◆ What the exercise asks ◆
Output every line below exactly, please, omitting pictures.

Data provided section start

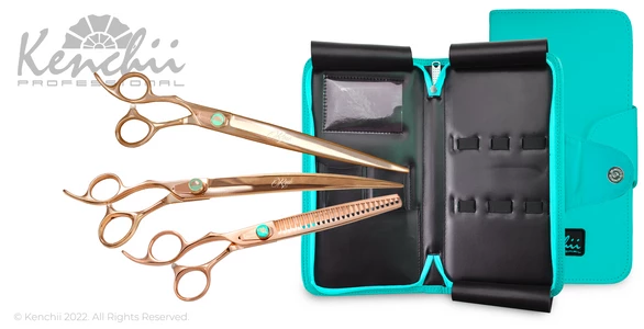 The Rosé set includes Rosé straight and curved shears, your choice of 25-tooth blender or 54-tooth thinner, and an animal-friendly faux leather 5-shear case.
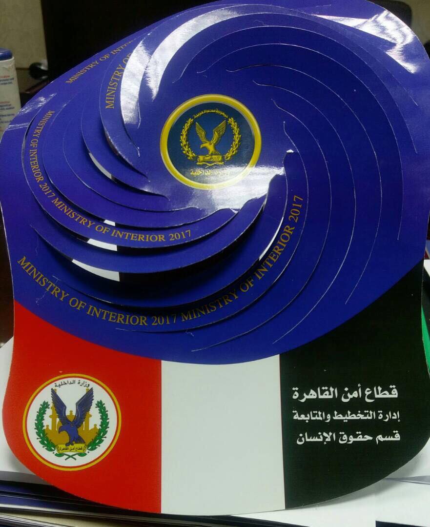 قام قسم حقوق الإنسان بمديرية أمن القاهرة، بتصميم وتنفيذ (كاب ورقى) بشعار المديرية وقسم حقوق الإنسان بالمديرية، ووزع ضابطات وضباط القسم الكاب على الأطفال فى كافة قطاعات المديرية، بالإضافة لعدد من السائحين والأجانب الذين تصادف وجودهم بمحيط المتحف المصرى والقلعة، تعبيراً وتأكيداً على التزام جهات المديرية بمعايير حقوق الإنسان، باعتبارها منهجاً والتزاماً أساسياً فى كافة مجالات وإجراءات العمل الأمنى .
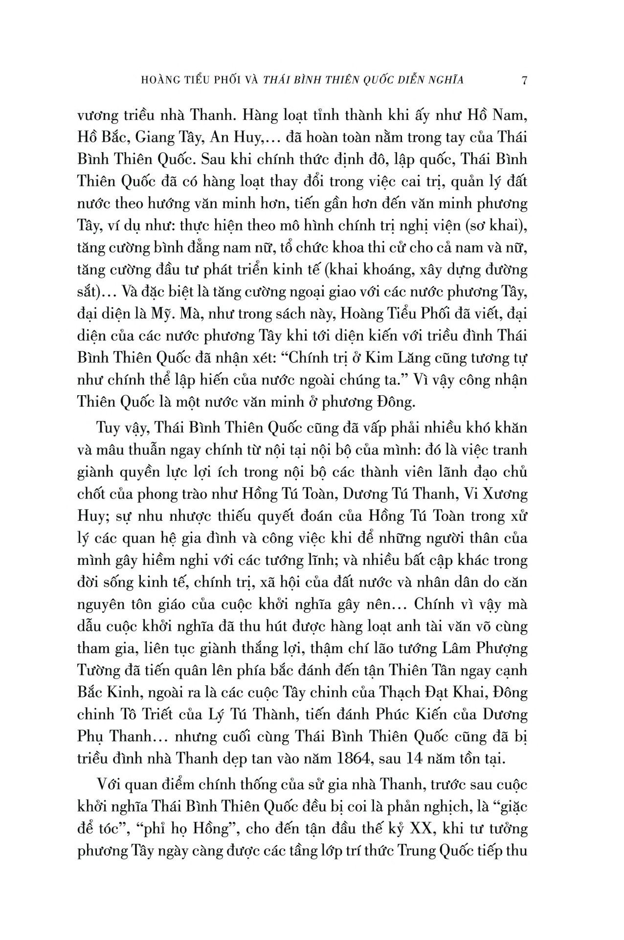 Qua 54 hồi của tiểu thuyết Thái Bình Thiên Quốc diễn nghĩa viết theo lối chương hồi cổ điển, Hoàng Tiểu Phối đã dẫn dắt người đọc lần lượt đi theo từng bước phát triển 14 năm của phong trào Thái Bình Thiên Quốc (1851 - 1864), qua từng trận đánh oanh liệt đẫm máu, với những con số thương vong ở mỗi trận chiến khiến độc giả phải kinh tâm động phách. Cùng với đó, mỗi nhân vật với tính cách, số phận khác nhau cũng được ông mô tả và kể lại một cách sống động và đầy màu sắc. Là một người sống cách chưa xa thời gian mà cuộc khởi nghĩa nổ ra, lại được gặp gỡ hỏi han những người trực tiếp tham gia phong trào ấy, rõ ràng Hoàng Tiểu Phối cho chúng ta thấy được độ tin cậy và chính xác nhất định của câu chuyện Thái Bình Thiên Quốc.

Data provided section end

◆ Output for this task ◆
 The Rosé set includes Rosé straight and curved shears, your choice of 25-tooth blender or 54-tooth thinner, and an animal-friendly faux leather 5-shear case.
 قام قسم حقوق الإنسان بمديرية أمن القاهرة، بتصميم وتنفيذ (كاب ورقى) بشعار المديرية وقسم حقوق الإنسان بالمديرية، ووزع ضابطات وضباط القسم الكاب على الأطفال فى كافة قطاعات المديرية، بالإضافة لعدد من السائحين والأجانب الذين تصادف وجودهم بمحيط المتحف المصرى والقلعة، تعبيراً وتأكيداً على التزام جهات المديرية بمعايير حقوق الإنسان، باعتبارها منهجاً والتزاماً أساسياً فى كافة مجالات وإجراءات العمل الأمنى .
 Qua 54 hồi của tiểu thuyết Thái Bình Thiên Quốc diễn nghĩa viết theo lối chương hồi cổ điển, Hoàng Tiểu Phối đã dẫn dắt người đọc lần lượt đi theo từng bước phát triển 14 năm của phong trào Thái Bình Thiên Quốc (1851 - 1864), qua từng trận đánh oanh liệt đẫm máu, với những con số thương vong ở mỗi trận chiến khiến độc giả phải kinh tâm động phách. Cùng với đó, mỗi nhân vật với tính cách, số phận khác nhau cũng được ông mô tả và kể lại một cách sống động và đầy màu sắc. Là một người sống cách chưa xa thời gian mà cuộc khởi nghĩa nổ ra, lại được gặp gỡ hỏi han những người trực tiếp tham gia phong trào ấy, rõ ràng Hoàng Tiểu Phối cho chúng ta thấy được độ tin cậy và chính xác nhất định của câu chuyện Thái Bình Thiên Quốc.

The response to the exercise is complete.